[Records for processing]

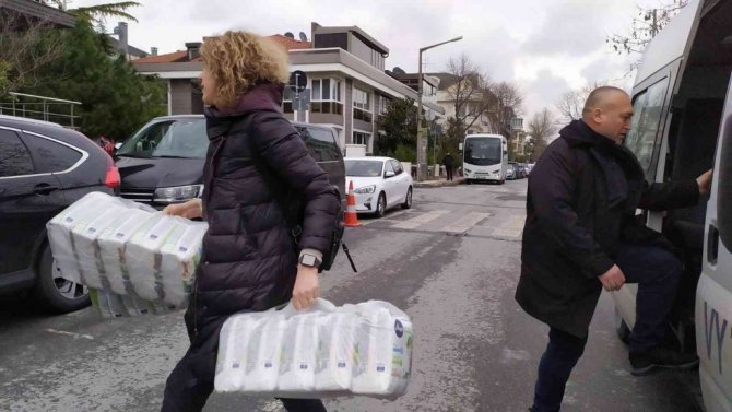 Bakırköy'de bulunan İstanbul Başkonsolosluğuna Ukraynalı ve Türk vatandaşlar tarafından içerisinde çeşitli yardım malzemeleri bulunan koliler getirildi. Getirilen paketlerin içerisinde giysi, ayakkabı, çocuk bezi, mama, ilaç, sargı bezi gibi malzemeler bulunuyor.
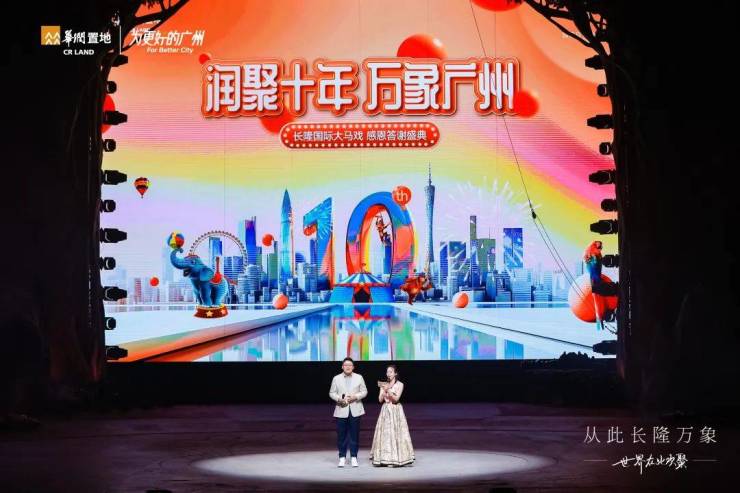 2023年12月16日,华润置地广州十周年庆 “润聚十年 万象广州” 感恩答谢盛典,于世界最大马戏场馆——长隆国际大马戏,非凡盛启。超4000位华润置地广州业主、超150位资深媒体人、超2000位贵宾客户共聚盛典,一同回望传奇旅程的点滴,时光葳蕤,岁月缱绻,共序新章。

[/Records for processing]
[Records for processing]

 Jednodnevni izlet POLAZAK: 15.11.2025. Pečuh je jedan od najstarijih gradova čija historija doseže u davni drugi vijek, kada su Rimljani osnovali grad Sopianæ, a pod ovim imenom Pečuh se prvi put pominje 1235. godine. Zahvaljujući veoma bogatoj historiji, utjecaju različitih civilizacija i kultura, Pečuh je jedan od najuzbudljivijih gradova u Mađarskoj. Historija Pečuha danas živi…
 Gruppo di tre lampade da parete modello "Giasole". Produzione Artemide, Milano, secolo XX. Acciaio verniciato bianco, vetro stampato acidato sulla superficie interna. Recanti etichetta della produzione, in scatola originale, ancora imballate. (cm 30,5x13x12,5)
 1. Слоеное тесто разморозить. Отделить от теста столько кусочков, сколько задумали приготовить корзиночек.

[/Records for processing]
[Records for processing]

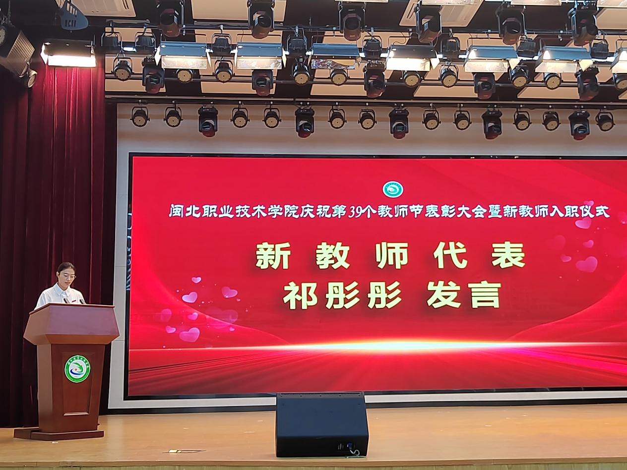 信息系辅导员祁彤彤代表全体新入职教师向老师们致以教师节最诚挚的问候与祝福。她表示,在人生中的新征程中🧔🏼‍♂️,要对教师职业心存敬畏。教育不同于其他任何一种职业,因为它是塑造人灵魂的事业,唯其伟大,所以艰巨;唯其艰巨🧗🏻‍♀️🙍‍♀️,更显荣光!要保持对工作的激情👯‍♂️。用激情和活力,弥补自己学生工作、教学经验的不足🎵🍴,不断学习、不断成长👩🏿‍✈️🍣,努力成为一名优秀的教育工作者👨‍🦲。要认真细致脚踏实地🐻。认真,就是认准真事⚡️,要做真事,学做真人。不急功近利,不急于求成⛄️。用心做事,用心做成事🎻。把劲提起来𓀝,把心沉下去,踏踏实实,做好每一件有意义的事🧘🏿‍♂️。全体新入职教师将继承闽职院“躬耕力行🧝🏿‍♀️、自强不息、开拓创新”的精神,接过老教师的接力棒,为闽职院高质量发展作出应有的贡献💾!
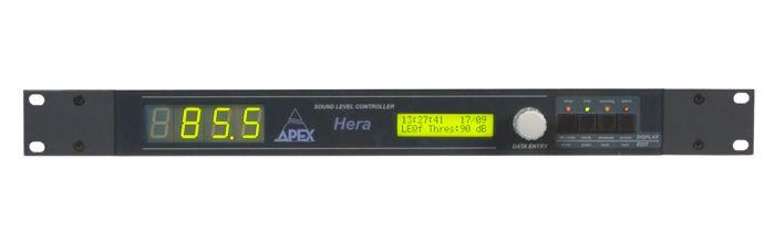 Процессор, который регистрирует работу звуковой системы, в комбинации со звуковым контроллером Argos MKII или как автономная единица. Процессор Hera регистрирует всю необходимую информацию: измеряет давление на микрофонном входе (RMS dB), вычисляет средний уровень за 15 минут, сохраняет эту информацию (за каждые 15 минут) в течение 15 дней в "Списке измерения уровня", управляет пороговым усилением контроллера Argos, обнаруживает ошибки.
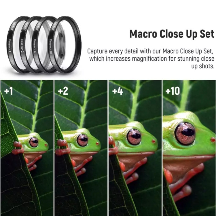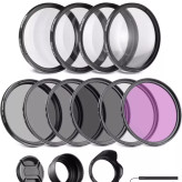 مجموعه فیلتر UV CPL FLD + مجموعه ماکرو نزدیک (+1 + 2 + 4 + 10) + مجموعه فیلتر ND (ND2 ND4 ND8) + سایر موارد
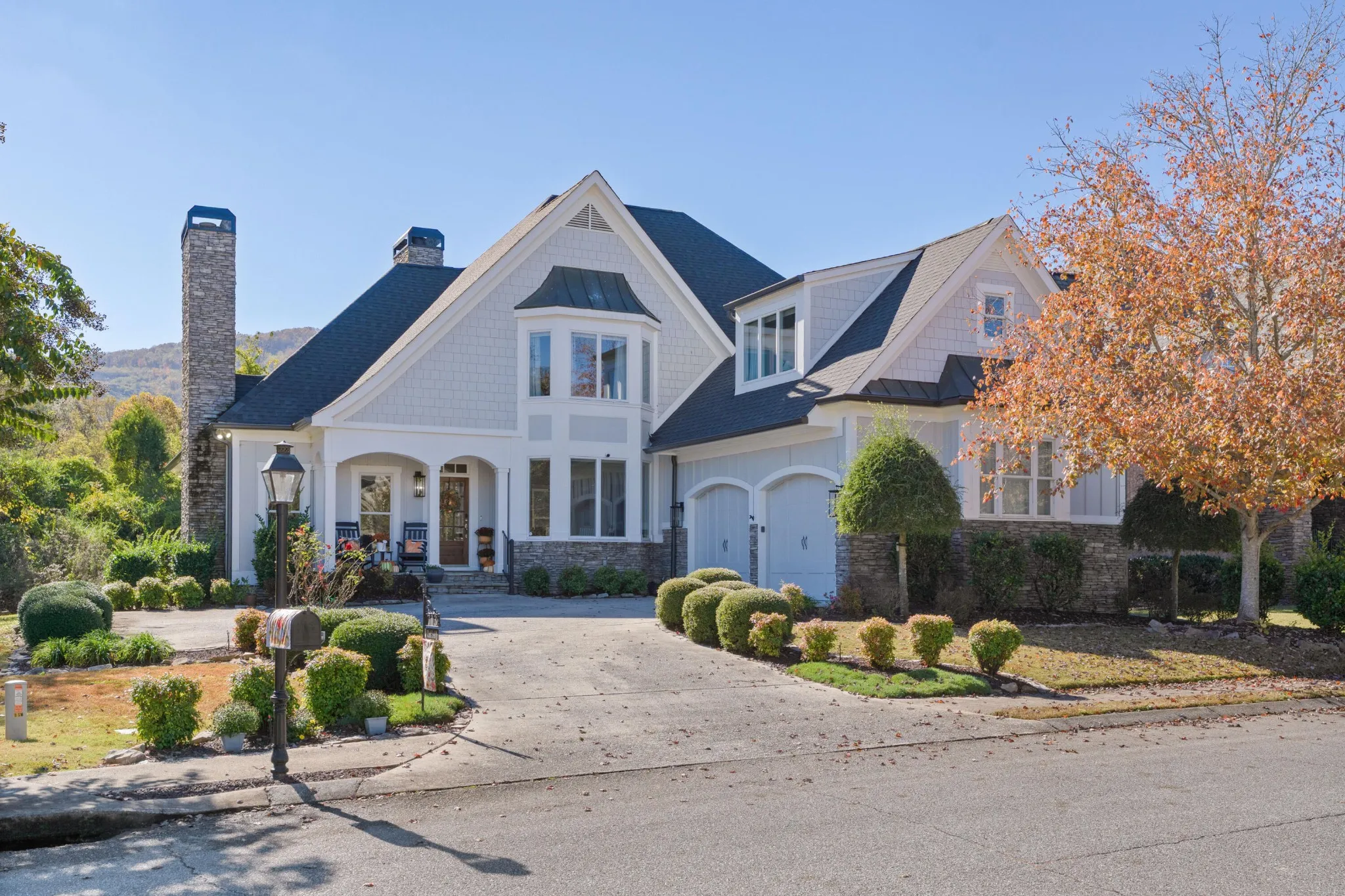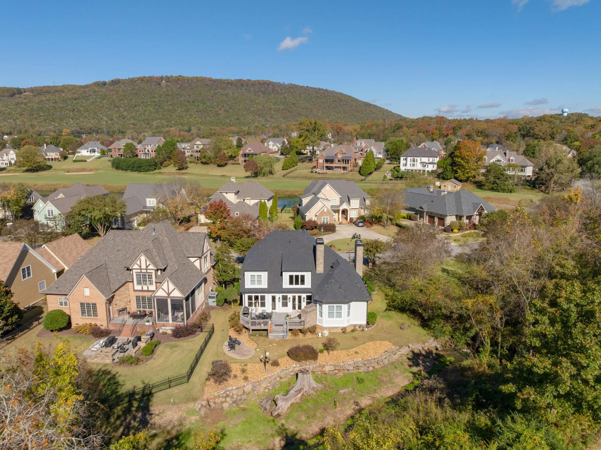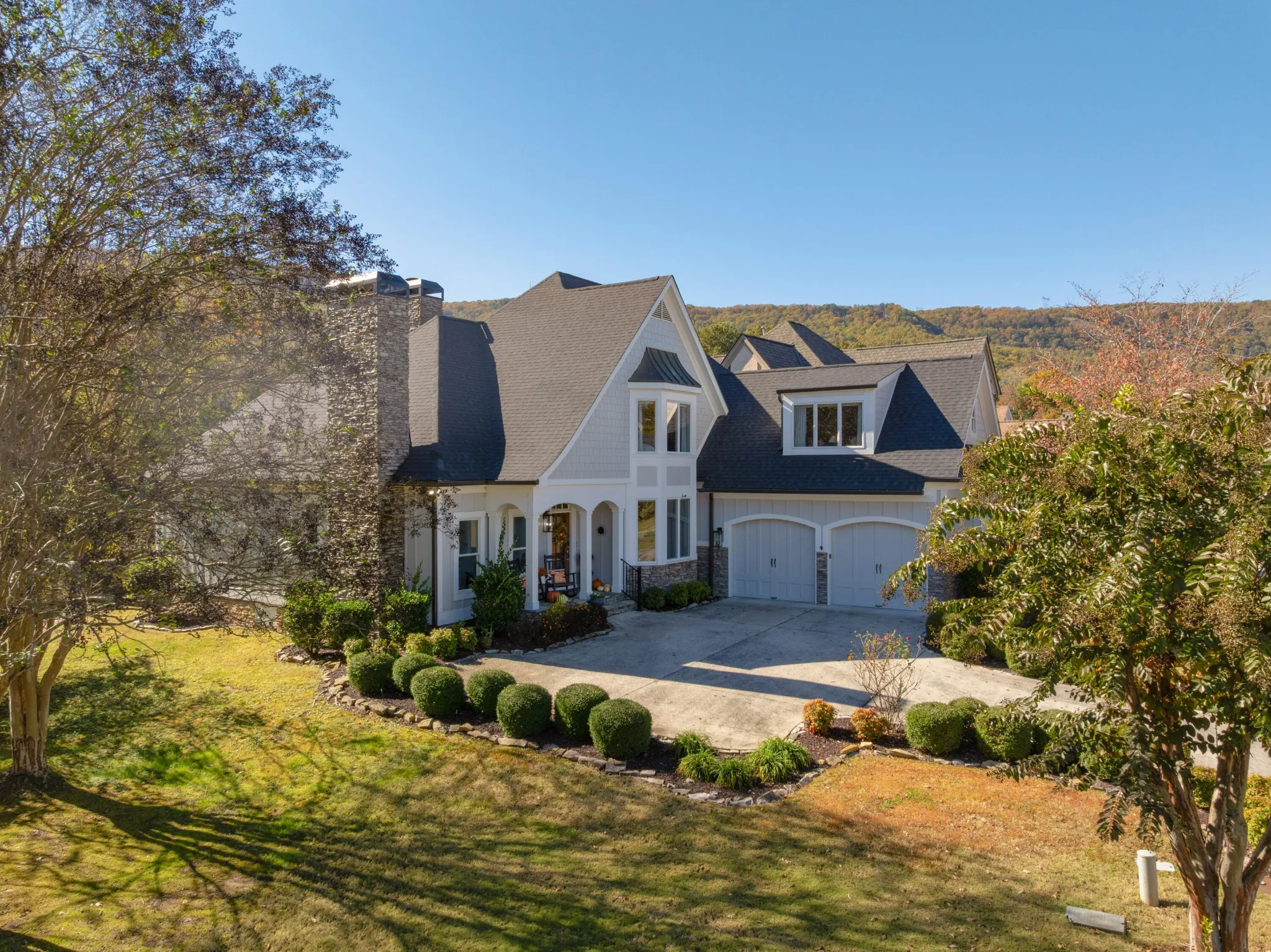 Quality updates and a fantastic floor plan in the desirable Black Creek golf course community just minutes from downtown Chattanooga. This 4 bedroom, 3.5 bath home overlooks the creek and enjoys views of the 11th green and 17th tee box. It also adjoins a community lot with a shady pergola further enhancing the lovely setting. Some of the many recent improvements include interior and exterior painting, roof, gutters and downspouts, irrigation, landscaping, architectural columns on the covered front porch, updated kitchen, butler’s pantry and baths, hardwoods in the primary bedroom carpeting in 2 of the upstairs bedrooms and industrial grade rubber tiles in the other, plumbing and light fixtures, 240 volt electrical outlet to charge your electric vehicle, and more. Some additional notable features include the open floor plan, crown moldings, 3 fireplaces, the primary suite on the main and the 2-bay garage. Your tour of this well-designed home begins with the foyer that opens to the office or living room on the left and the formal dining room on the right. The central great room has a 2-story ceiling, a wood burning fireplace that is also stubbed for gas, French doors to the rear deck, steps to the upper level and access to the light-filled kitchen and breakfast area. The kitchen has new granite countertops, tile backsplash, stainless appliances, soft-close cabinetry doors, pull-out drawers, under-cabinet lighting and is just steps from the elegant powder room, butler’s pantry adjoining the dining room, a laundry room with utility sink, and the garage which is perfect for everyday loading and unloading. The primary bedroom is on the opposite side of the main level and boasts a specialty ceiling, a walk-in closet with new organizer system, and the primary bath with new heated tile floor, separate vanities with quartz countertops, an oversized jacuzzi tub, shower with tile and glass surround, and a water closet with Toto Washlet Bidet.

[/Records for processing]

Only the lines above from the line containing "Gruppo di tre" through the line containing "1. Слоеное тесто" should be retyped, exactly and with both ends included.

** Reply **
 Gruppo di tre lampade da parete modello "Giasole". Produzione Artemide, Milano, secolo XX. Acciaio verniciato bianco, vetro stampato acidato sulla superficie interna. Recanti etichetta della produzione, in scatola originale, ancora imballate. (cm 30,5x13x12,5)
 1. Слоеное тесто разморозить. Отделить от теста столько кусочков, сколько задумали приготовить корзиночек.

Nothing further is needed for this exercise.